Ship the smallest AI feature that solves a real problem. Then let what breaks tell you what infrastructure to build next. That’s the sequencing that works.
This framework covers the six decisions that actually matter when building AI products for startups — in the order you should make them.
The Wrong Question Most Startup CTOs Ask
Most startup CTOs plan AI product development by asking: “How do we add AI to our product?”
The right question is: “What problem costs us the most to solve manually, and can AI solve it reliably enough to matter?”
That reframe changes every decision downstream. I’ve built AI products for 10+ startups across compliance, EdTech, analytics, and customer support. The failures share a pattern: teams added AI because competitors were, not because it solved a specific problem.

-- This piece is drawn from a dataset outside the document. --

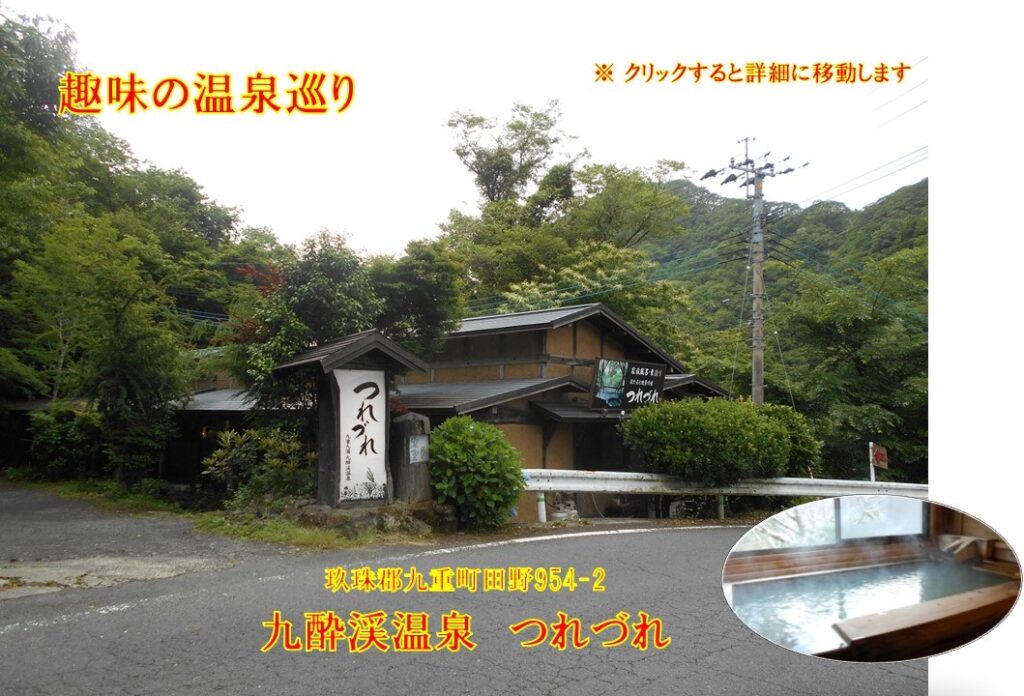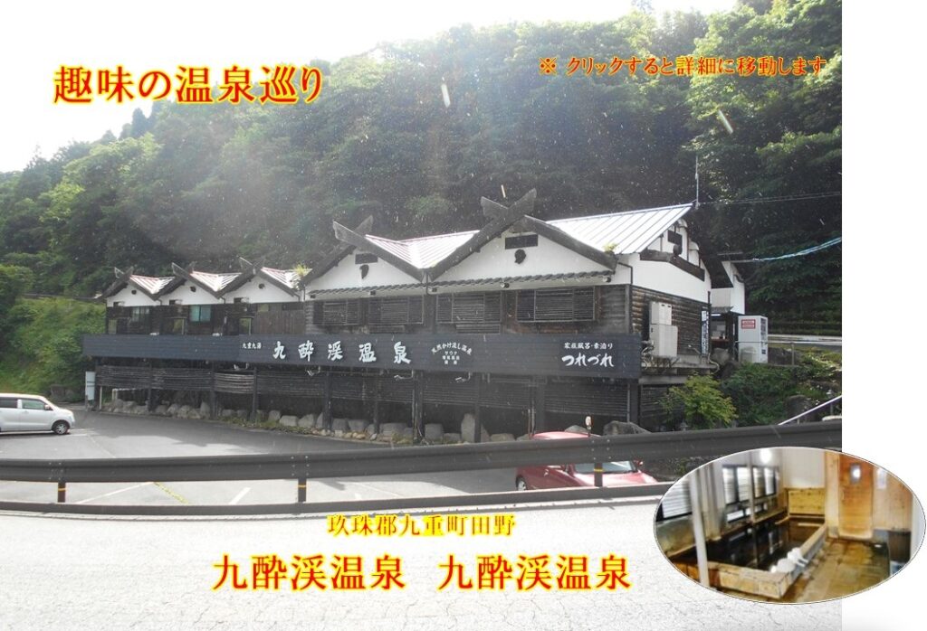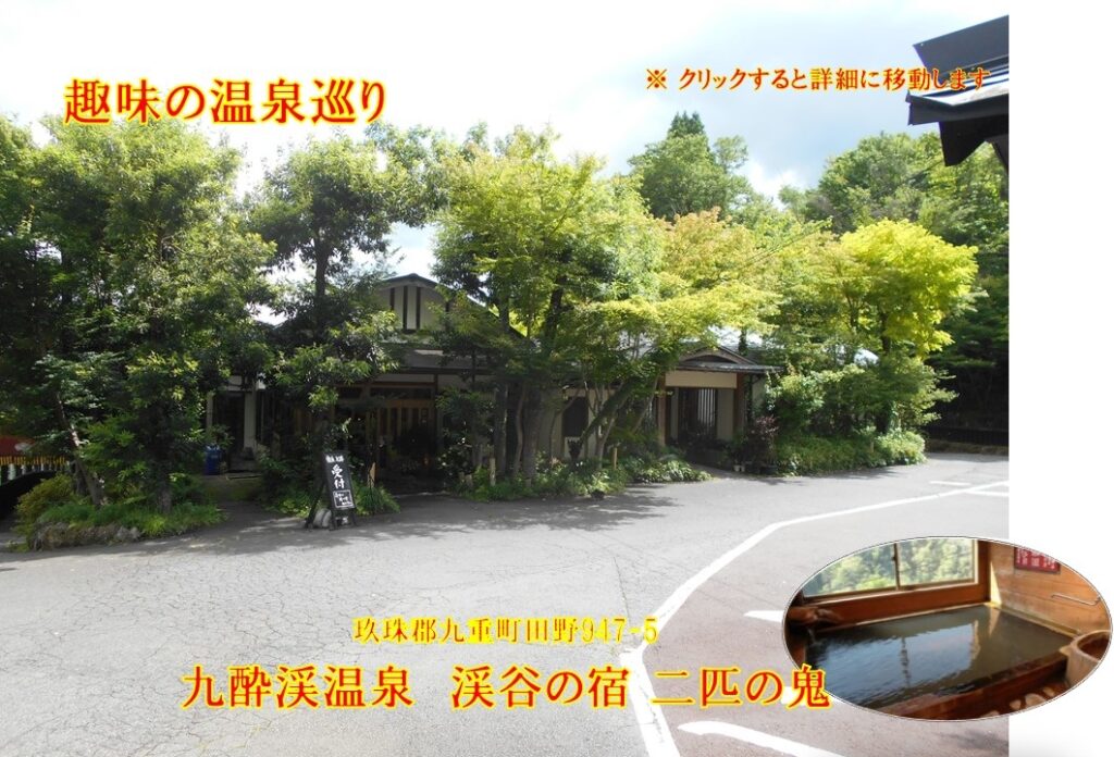 / 九重玖珠 / By 大分県の温泉めぐり 作成中です。クリックしても詳細にリンクできません。 九酔渓温泉 渓谷の宿 二匹の鬼 九酔渓温泉 つれづれ 九酔渓温泉 筌ノ口温泉 山里の湯 筌ノ口温泉 旅館 新清館 筌ノ口温泉 共同浴場 馬子草温泉 ペンション草原の風

The wins share a different pattern: one clear problem, one targeted solution, accuracy requirements defined before writing a line of code.
This is the framework I use when a founder brings me an AI product idea. Six decisions, in order. Skip any of them and you’ll pay for it later.
Decision 1: Should You Build AI At All?
This sounds obvious. It isn’t.
Ask four questions before committing to any AI product development investment:
1. Is there a manual process with enough volume to automate? If your team is processing documents, analyzing content, answering repetitive questions, or classifying inputs at scale, you have a candidate. If you’re building a standard CRUD product with light data operations, AI probably adds cost and complexity without meaningful user value.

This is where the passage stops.